### [Data excerpt]
- Opening Delimiter -

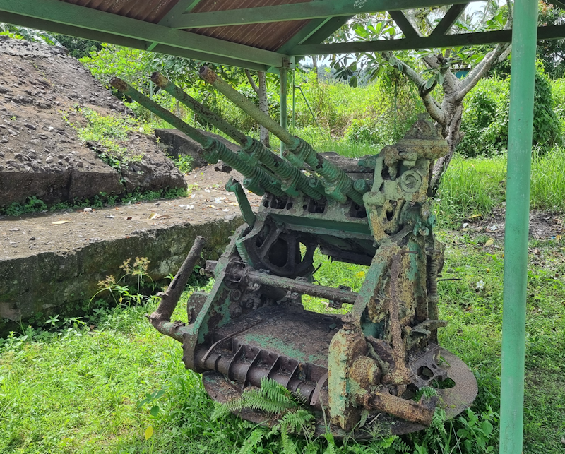 A triple machine gun turret near the Bunker. Perhaps, I wonder whether this installation was originally installed on a Japanese destroyer?
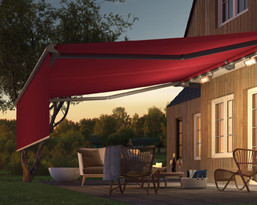 You have an awning for protection from the sun and heat, but many people also want protection from light rainfall too. If you do want the awning for light rainfall protection then you are best with certain models which have stronger and larger arms to be more stable too. The biggest criteria however is the awning has at least 15 degrees of pitch on the fabric canopy when extended to make sure the rainwater flows freely and quickly off the cover.. You need an awning which can be adjusted to 15 degrees or more pitch and has the most stable arms and overall build. For sun shade protection then this depends on how much sun you want to block out. Obviously very dark fabrics will block out more light and UV rays generally and very light fabrics can actually act like a diffuser with sunlight to stop the glare but spread out the light better underneath. If you are south facing and don’t like the sun’s heat, UV and brightness then go darker on the fabrics, otherwise there is a massive choice generally of over 200 fabrics per brand we offer. Drop down valances at the front are an option to provide additional shade against low lying sun and also provide privacy and protection from cool breezes. LED lighting is readily available in various forms and positions on many of our awnings and allows you to go into the evenings with the awning. If you choose LED lighting on the cassette then the awning can double up as a large wall light even when not is use as an awning. Smart app controls are readily available now on most of our electric operated awnings with Somfy electric drive motors. These apps allow you to operate the awning from literally anywhere in the world to assist in keeping rooms cool. Make them operate themselves from sensors too and protect themselves in high winds or even rain, closing automatically if you are not around.
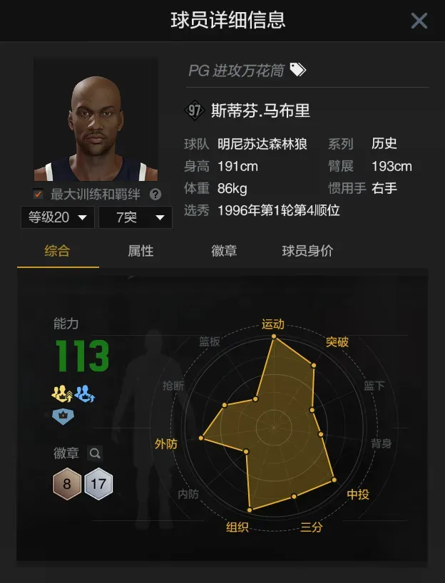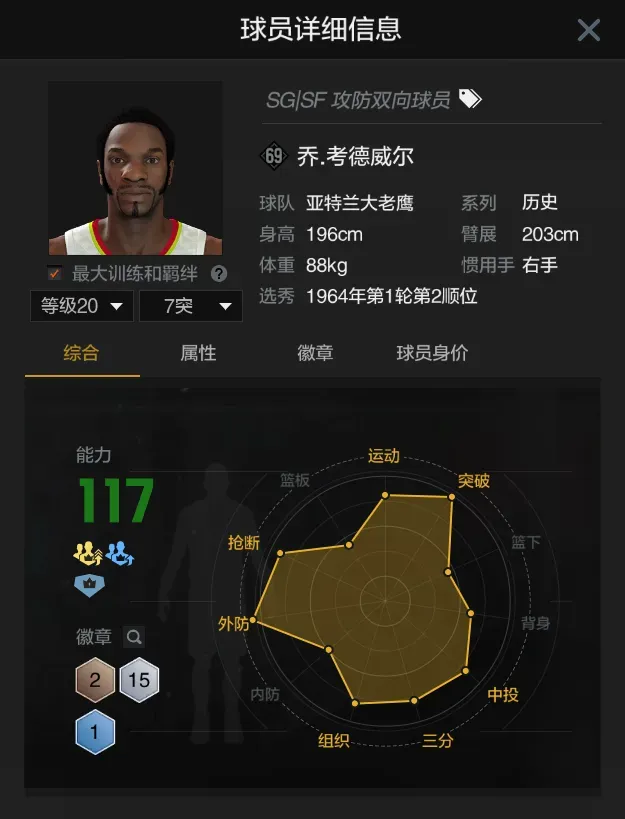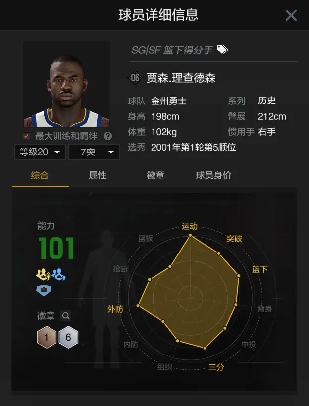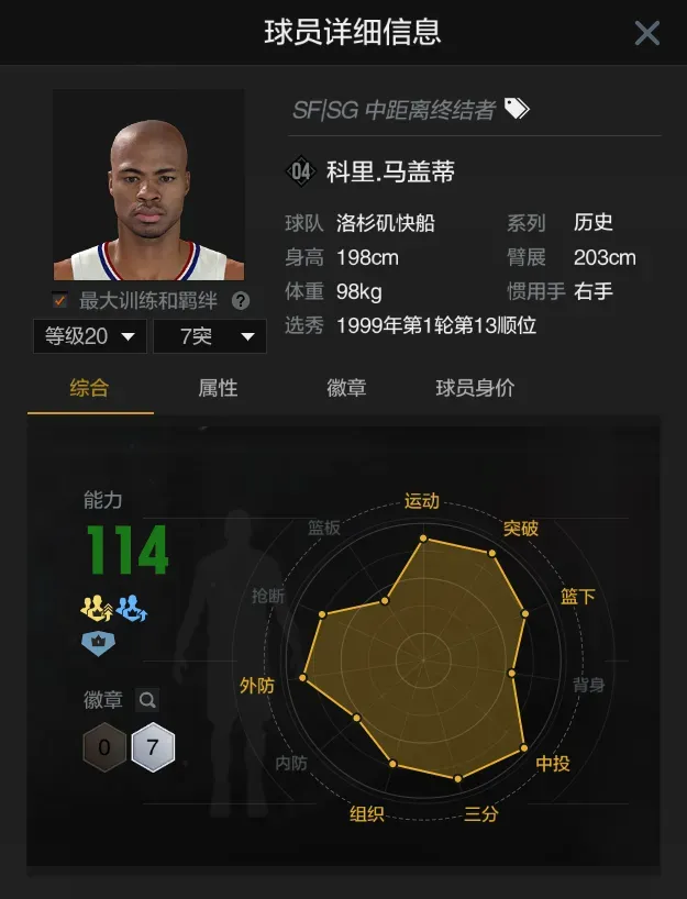 第五位科里马盖蒂,游戏满突身价两千万多点,突扣过线,投射表现不错,不过徽章质量相对一般,防守也只能用合格二字形容。
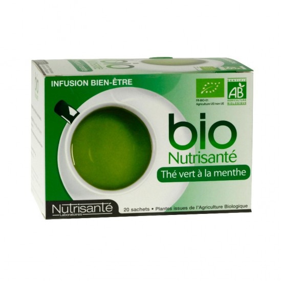L'infusion Bio Thé vert à la Menthe des laboratoires Nutrisanté est un remède naturel et efficace pour lutter contre les douleurs occasionnées par une digestion difficile et contre la fatigue.

- Closing Delimiter -

### [Work order]
Print only the lines running from the line that contains "第五位科里马盖蒂,游戏满突身" to the final line of the listing, both included. Omit every picture.

### [Answer for the task]
 第五位科里马盖蒂,游戏满突身价两千万多点,突扣过线,投射表现不错,不过徽章质量相对一般,防守也只能用合格二字形容。
L'infusion Bio Thé vert à la Menthe des laboratoires Nutrisanté est un remède naturel et efficace pour lutter contre les douleurs occasionnées par une digestion difficile et contre la fatigue.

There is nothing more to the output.